Work instruction ::
Under this line are records; the part from the line containing "mm) B6L (182 mm x 128 mm)" through the line containing "Rumsinteriör med julgran, tre" should be repeated exactly. Please exclude pictures.

Given records ::
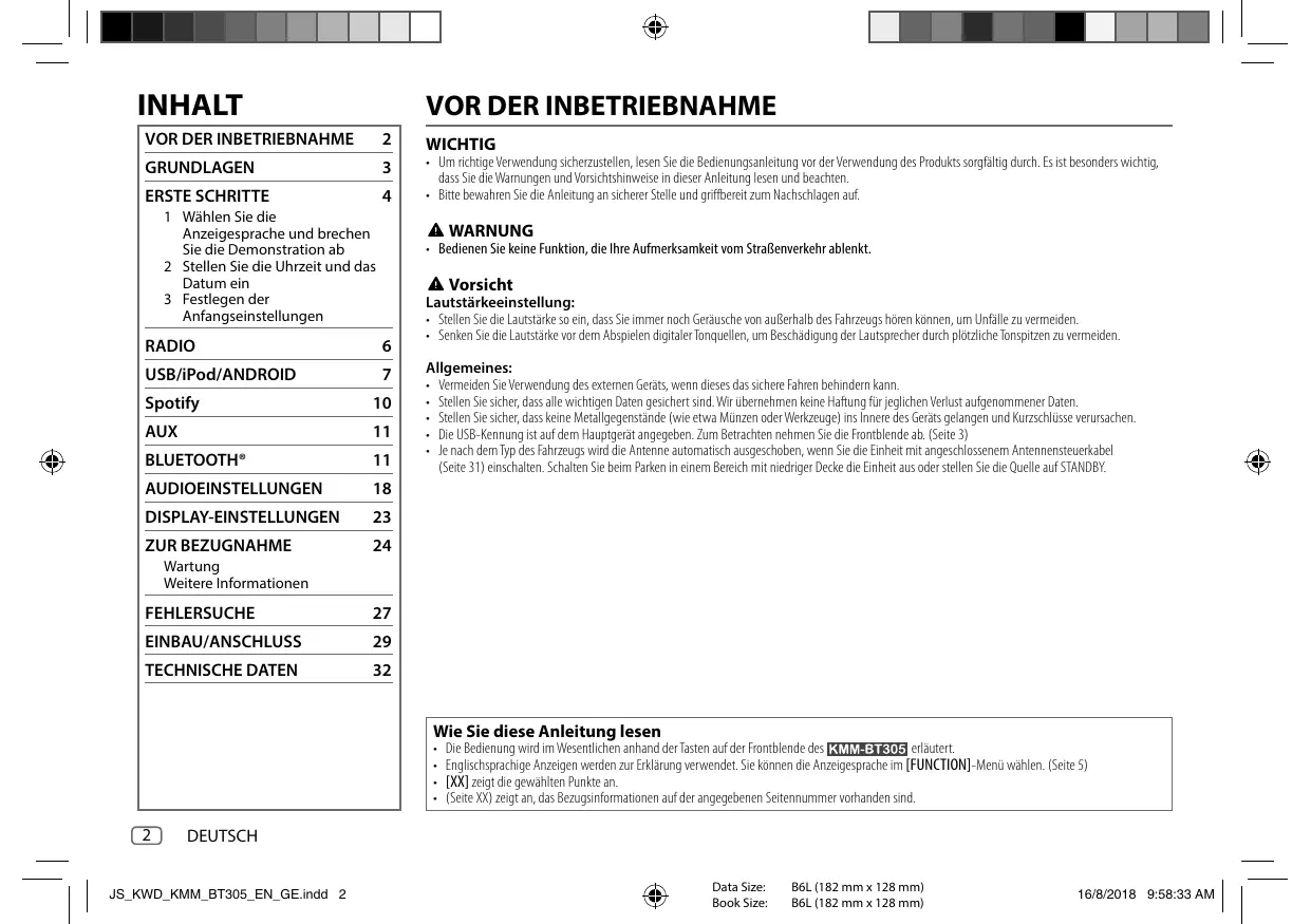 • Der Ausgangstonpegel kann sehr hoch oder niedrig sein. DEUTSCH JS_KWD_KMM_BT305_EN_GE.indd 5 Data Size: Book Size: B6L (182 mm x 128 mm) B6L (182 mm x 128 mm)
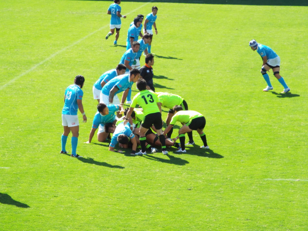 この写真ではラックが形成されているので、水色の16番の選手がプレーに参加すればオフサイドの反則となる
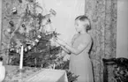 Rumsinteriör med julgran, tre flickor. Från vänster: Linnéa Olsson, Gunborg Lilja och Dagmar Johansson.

--

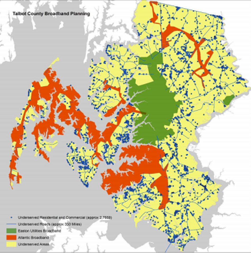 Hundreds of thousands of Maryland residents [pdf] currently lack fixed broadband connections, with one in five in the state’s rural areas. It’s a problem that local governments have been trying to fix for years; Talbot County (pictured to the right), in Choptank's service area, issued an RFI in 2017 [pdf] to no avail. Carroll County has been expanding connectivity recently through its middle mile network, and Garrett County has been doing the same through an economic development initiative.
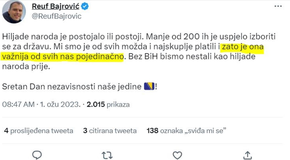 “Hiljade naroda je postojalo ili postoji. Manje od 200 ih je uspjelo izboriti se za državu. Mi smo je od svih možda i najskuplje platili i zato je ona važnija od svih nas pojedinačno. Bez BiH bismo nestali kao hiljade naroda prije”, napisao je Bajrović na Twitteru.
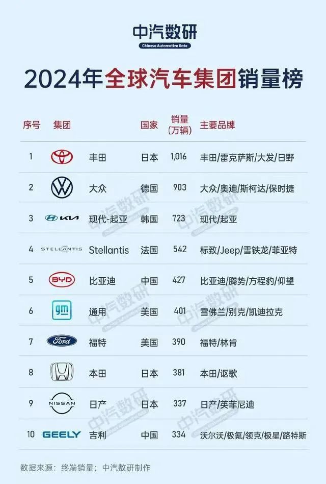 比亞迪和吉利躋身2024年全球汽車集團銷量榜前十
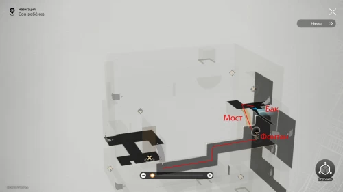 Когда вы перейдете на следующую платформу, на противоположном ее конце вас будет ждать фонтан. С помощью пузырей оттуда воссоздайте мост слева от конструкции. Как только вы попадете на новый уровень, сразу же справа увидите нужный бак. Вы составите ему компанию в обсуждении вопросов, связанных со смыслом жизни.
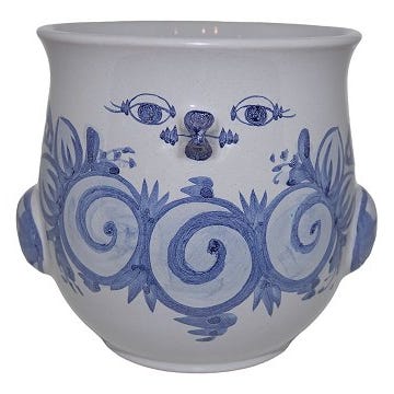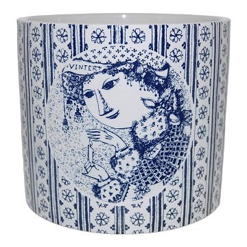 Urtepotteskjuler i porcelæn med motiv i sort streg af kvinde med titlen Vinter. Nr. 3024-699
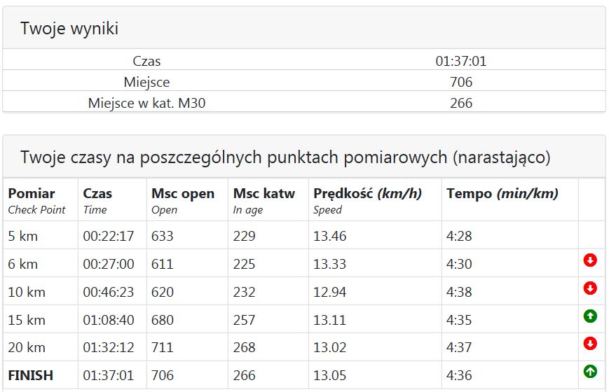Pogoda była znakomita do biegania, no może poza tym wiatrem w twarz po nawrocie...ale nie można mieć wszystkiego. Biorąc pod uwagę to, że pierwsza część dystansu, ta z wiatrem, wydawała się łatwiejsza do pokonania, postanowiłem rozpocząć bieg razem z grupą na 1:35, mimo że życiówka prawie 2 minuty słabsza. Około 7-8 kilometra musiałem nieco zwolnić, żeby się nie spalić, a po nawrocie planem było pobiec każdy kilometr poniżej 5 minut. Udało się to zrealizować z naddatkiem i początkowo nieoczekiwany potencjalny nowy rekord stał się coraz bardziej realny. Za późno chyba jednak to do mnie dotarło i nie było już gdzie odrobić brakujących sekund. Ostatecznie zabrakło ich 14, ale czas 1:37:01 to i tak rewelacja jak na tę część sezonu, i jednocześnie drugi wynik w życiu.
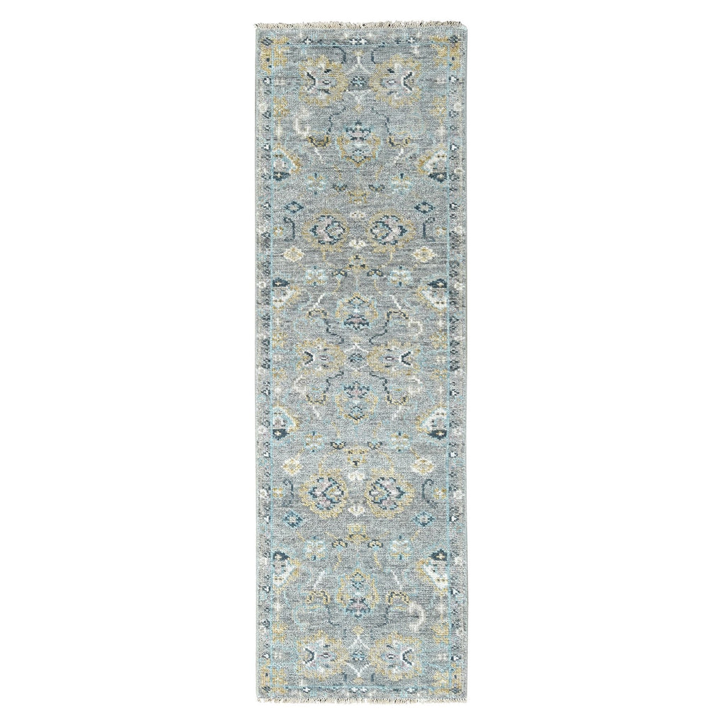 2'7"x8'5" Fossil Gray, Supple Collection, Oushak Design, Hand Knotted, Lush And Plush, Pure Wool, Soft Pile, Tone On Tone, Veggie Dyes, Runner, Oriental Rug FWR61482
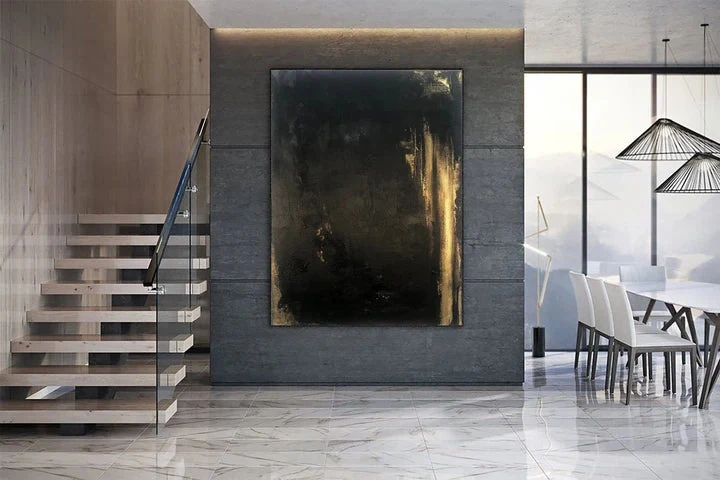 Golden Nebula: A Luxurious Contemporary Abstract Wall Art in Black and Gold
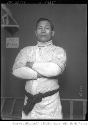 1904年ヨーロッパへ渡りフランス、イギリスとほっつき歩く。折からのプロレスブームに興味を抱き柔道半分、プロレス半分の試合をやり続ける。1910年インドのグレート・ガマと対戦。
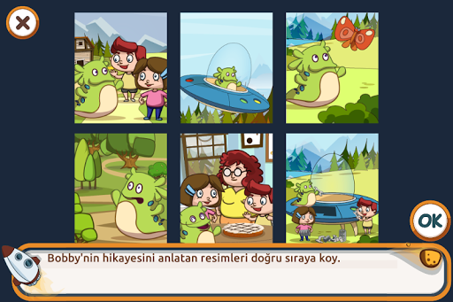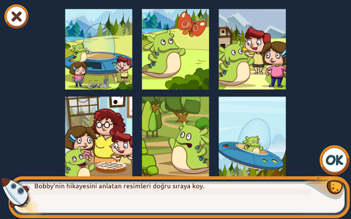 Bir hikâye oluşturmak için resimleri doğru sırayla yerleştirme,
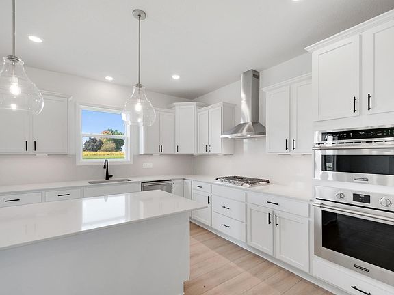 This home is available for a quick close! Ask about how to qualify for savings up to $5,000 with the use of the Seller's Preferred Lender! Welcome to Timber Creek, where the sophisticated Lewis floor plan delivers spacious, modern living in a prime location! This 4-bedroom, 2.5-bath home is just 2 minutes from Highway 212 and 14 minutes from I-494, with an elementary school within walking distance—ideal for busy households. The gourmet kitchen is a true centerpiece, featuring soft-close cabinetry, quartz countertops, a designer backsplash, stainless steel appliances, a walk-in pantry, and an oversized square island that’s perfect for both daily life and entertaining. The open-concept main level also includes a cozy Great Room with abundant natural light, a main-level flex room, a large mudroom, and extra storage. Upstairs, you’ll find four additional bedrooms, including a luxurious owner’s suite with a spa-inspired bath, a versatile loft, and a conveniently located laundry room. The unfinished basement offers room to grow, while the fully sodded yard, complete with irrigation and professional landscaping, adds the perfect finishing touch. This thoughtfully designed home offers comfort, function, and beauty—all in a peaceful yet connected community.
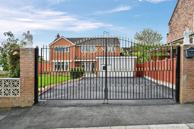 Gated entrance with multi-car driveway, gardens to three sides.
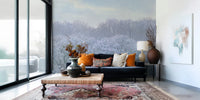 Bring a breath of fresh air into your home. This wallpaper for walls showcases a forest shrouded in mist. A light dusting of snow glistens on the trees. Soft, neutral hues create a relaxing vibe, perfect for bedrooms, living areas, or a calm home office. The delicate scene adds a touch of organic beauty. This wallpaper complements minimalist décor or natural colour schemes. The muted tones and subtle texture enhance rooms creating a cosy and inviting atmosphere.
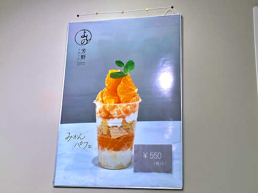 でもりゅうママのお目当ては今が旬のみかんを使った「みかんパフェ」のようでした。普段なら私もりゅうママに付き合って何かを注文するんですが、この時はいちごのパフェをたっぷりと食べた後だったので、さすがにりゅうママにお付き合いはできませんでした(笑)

--

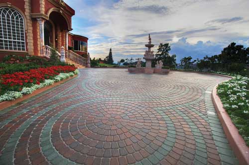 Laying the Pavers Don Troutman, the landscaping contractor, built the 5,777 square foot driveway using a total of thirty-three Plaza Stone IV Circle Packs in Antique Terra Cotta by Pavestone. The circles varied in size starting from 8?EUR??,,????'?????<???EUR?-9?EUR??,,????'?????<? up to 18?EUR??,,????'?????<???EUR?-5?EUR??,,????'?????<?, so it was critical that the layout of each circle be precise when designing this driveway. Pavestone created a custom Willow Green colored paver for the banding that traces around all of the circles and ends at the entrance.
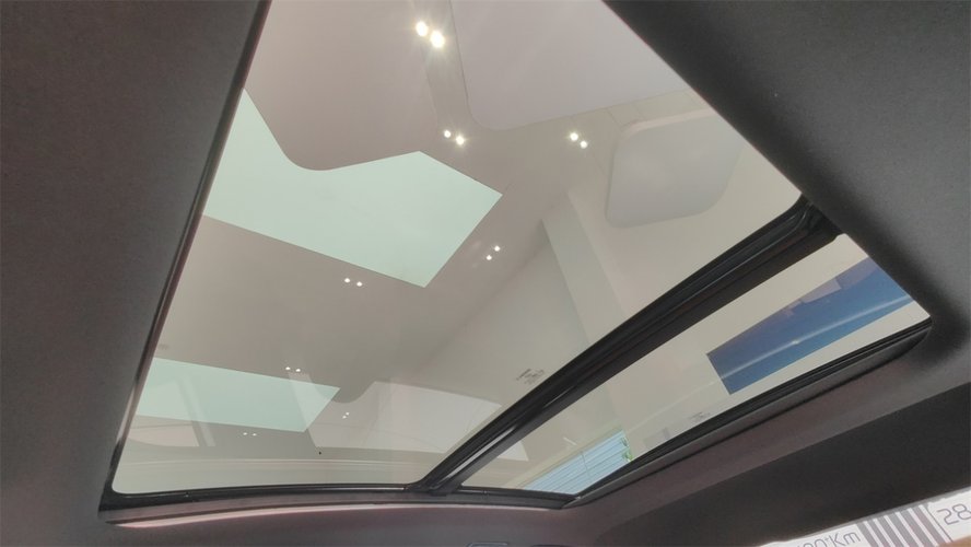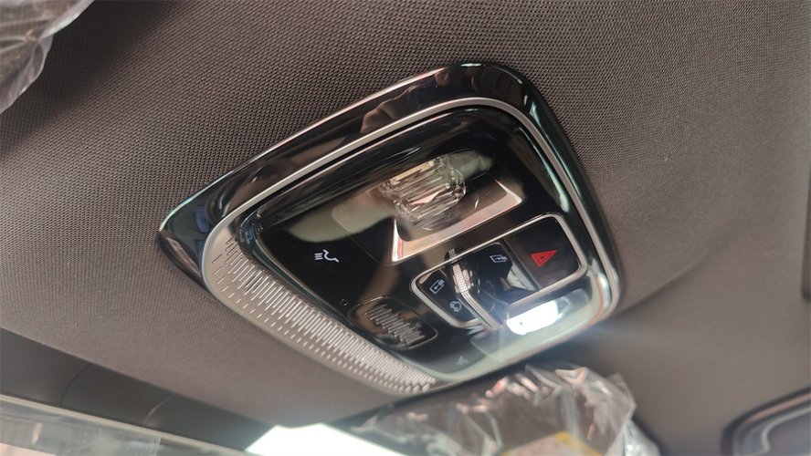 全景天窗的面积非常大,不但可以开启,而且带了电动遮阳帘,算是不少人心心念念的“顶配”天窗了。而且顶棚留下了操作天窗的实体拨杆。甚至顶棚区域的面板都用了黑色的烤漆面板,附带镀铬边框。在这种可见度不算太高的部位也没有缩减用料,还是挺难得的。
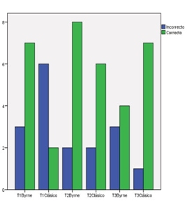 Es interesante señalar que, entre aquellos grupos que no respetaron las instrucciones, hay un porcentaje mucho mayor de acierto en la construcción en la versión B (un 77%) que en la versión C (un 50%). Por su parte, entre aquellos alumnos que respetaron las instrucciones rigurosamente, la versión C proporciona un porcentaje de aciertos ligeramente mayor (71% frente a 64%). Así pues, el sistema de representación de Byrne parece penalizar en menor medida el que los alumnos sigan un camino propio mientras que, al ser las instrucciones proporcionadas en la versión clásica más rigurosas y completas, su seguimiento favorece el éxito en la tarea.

Finished task ::
 • Der Ausgangstonpegel kann sehr hoch oder niedrig sein. DEUTSCH JS_KWD_KMM_BT305_EN_GE.indd 5 Data Size: Book Size: B6L (182 mm x 128 mm) B6L (182 mm x 128 mm)
 この写真ではラックが形成されているので、水色の16番の選手がプレーに参加すればオフサイドの反則となる
 Rumsinteriör med julgran, tre flickor. Från vänster: Linnéa Olsson, Gunborg Lilja och Dagmar Johansson.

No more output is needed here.